A few other fans spotted us peering out of our windows at them and began cheering as we flashed them our best friendly smiles along with return waves. Guitarist Michael Joe Sagraves pulled back one of the window shade’s cords giving them and us a wider view and a thunderous roar immediately erupted from the nearby cars. Fletch flashed a peace sign and bassist Corky Holbrook offered them a thumbs up.
Keyboardist Barton Stevens (reknown for his humorous clowning around) stood up, waved, and then stated in a thick and purposefully exaggerated hillbilly accent, “Look boys! We’re stars!”
Guitarist Terry Shelton hadn’t been participating in our two-way voyeurism. He’d remained calmly at ease on the couch facing the opposite direction while engaged in the act of tuning up one of his guitars with an electronic tuner, never even looking away from his task. As soon as Bart had spoken, Terry didn’t miss a beat and responded in his matter-of-fact way by saying “No boys, what we are is the luckiest bar band in the world.”

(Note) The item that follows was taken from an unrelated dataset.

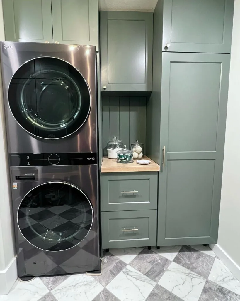 Sleek graphite stacked washer and dryer fit neatly beside soft green cabinets, which offer generous hidden storage. A small wood-topped counter provides a handy spot for sorting or displaying essentials like jars of detergent and dryer balls.
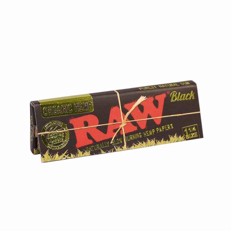 Raw Rolling Paper – Organic – Black. 1 1/4 Size. 24 Packs In A Box With 50 Leaves Per Pack.

That humbling statement and others like it are one of the things that I love about Terry. Never under any illusions of inflated self-importance, has he always managed to find the right words to lasso any in any semblance of ego trips. I recently told him that I wanted to relate this particular story in my BRC article, using his quote as an example and he insured me that he still feels that way. He is one who understands that musical talent and determination are definitely significant factors in what it takes to become a successful, popular recording artist, but he also knows that luck is the card that trumps all others.